Я не зря предупреждал всех, что наш союз с Германией может оказаться недолговечным. Мы должны всегда помнить о том, что могут дружить люди, но не государства. Тут свои правила игры. Но для тебя я скажу следующее. Постарайся конфиденциально сообщить своему отцу, а моему деду, королю Дании, что в случае возможного германо-датского конфликта я, твой сын, поддержу не союзную нам сейчас Германию, а родину моей матушки. Для успешного противостояния любому вторжению, будь то нападение британского флота или агрессия со стороны южного соседа, мы должны помочь нашим датским родственникам удержать под своим контролем хотя бы остров Зеландия, включая и столицу королевства. А для этого нам необходимо получить землю под базы и береговые батареи. Все должно быть оговорено тайно, без утечек информации. Ты справишься, МамА, с этим? Ведь дело сие, как говорит наш новый знакомый, господин Ульянов, архинужное и архиважное.
– Да, Мишкин, – кивнула Мария Федоровна, – я справлюсь.
– Ну, вот и хорошо, – сказал император, – я на тебя надеюсь, МамА, ты у меня самая лучшая и самая умная на свете.
– Спасибо на добром слове, сын, – кивнула вдовствующая императрица, и в уголке ее глаз что-то блеснуло.
– Всегда буду счастлив порадовать тебя, МамА, – сказал Михаил, вставая. – Позвольте пожелать Вам, Ваше величество, спокойной ночи, и разрешите откланяться. Уже поздно, а завтра у меня будет еще один тяжелый день.
– Доброе утро, Владимир Ильич, – я пожал руку несостоявшемуся вождю мирового пролетариата. – Как вам спалось на новом месте?

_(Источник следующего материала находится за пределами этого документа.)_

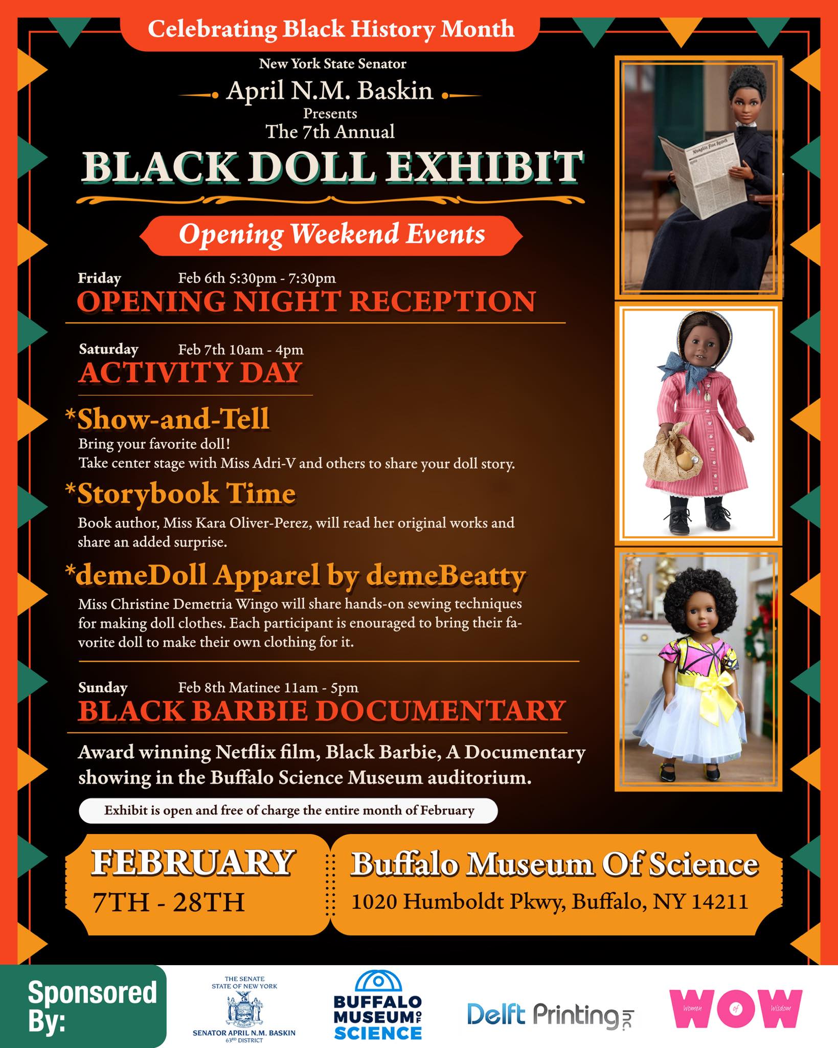 New York State Senator April N.M. Baskin will host the seventh annual Black Doll Exhibit to celebrate Black History Month at the Buffalo Museum of Science.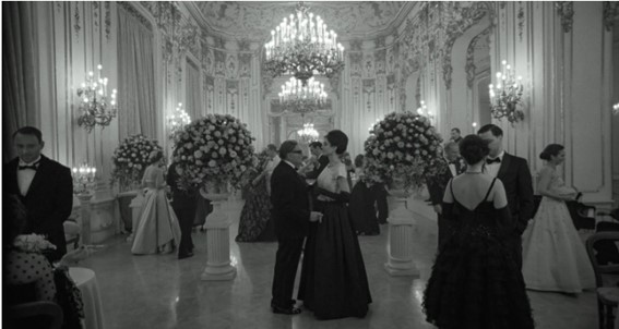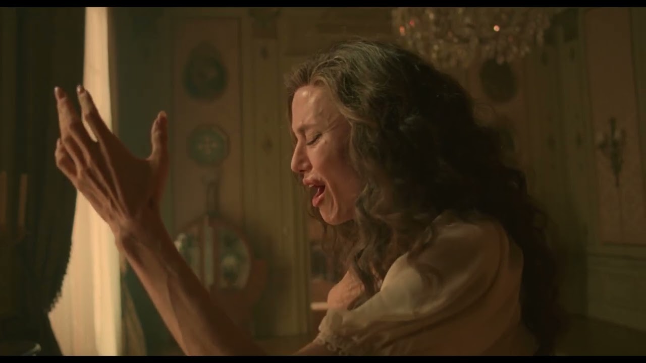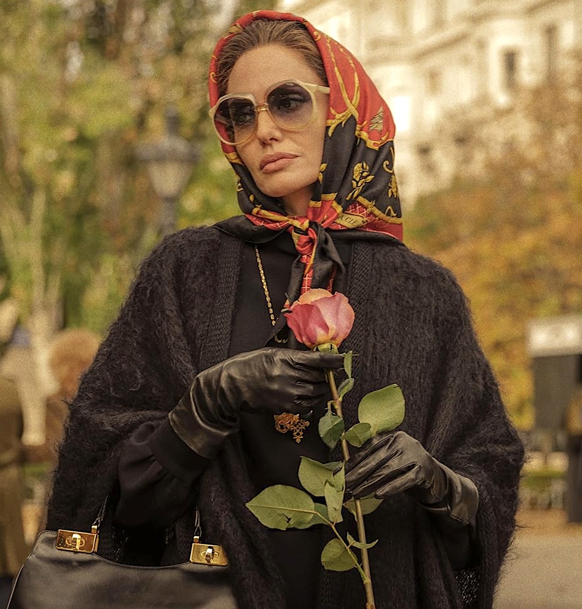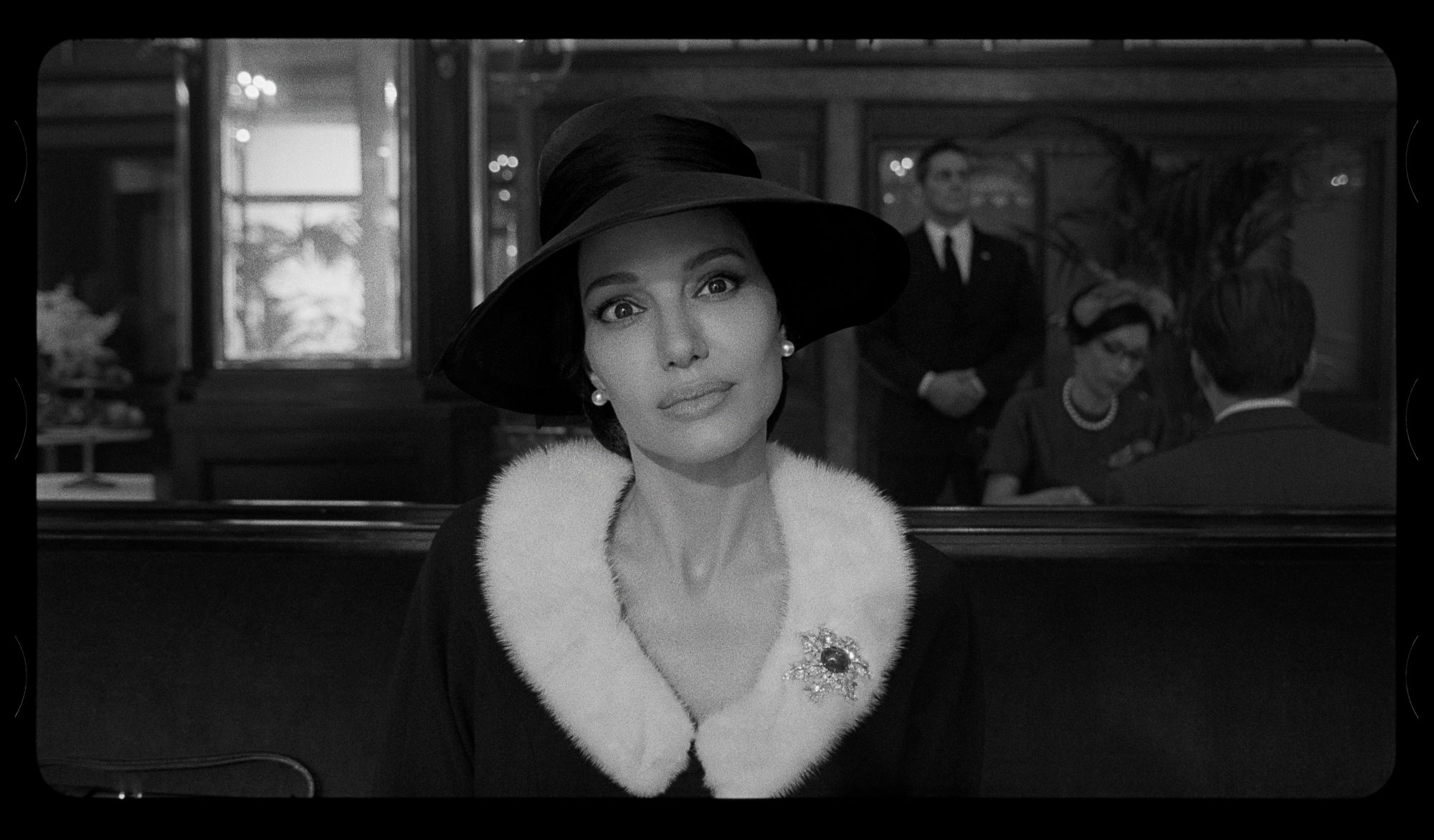 La cámara la sigue mientras camina vestida de incógnito hasta la Torre Eiffel, por las Tullerías, por el Puente Alexandre III y por los alrededores de la Plaza Vendôme arrastrando su melancolía. Cuando necesita cariño, se va a uno de esos cafés en los que los camareros la idolatran, frente al Teatro Du Châtelet, donde recuerda la primera vez que conoció a Onassis. Y cuando empieza a soñar despierta con ese pasado lustroso, vemos en blanco y negro a Jolie cantando como La Callas en La Scala de Milán o en el Royal Opera House de Covent Garden, escenas que se rodaron en realidad en el Apollo Theatre en Pyrgos, Grecia.

– Неплохо, неплохо, – потер руки Ильич, – у вас тут неплохие апартаменты, ничуть не хуже европейских гостиниц.
Дело в том, что когда «Новую Голландию» готовили к размещению нашего ведомства, с господами Плеве и Ширинкиным, заранее оговаривалось, что в ней будут предусмотрены места для проживания на территории острова особо охраняемых персон, при этом не являющихся арестантами. Разной степени комфортности камеры для таких клиентов, как Азеф, Гапон, Лопухин, располагаются в подвале и полуподвале, а на верхних этажах находятся рабочие кабинеты сотрудников ведомства и «квартиры» особо охраняемых «гостей». Именно там во время мятежа укрывалась Великая княгиня Ксения Александровна с детьми, и именно там, помимо четы Ульяновых, квартировали сейчас полковник Зубатов, инженер Тринклер, Иосиф Джугашвили и прочие, как говорят в таких случаях, официальные лица.

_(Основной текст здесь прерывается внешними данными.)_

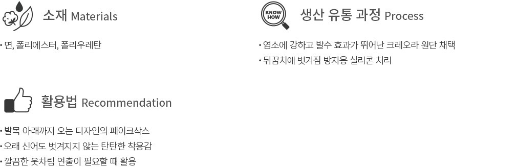 ・특징 : 발목 아래까지 안정감 있게 감싸주는 페이크삭스에요.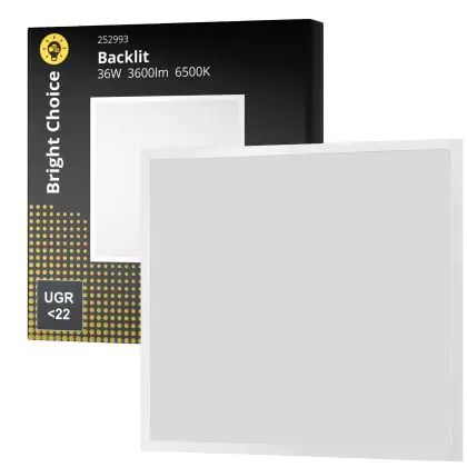 Das Bright Choice LED Panel Backlit 36W 3600lm - 865 Tageslichtweiß | 60x60cm - UGR ist ein modernes LED-Panel, welches Licht in der Farbtemperatur ausstrahlt und mit einer langen Lebensdauer punktet. Mit dem hochwertigen Panel, welches ideal als Allgemeinbeleuchtung verwendet werden kann, sparen Sie nicht nur Energiekosten, sondern steigen auch auf eine langlebige und flackerfreie Lichtlösung um.

– Очень приятно это слышать, Владимир Ильич, – сказал я, – должен заметить, что во время мятежа в ваших нынешних комнатах проживали старшие сыновья Великого Князя Александра Михайловича. Так что делайте выводы.
– Неужели? – живо переспросил Владимир Ильич, оглядываясь в моем кабинете, и тут же резко сменил тему. – А у вас тут необычно. Приходилось в бытность мою помощником присяжного поверенного бывать у разного рода полицейских и судейских чиновников.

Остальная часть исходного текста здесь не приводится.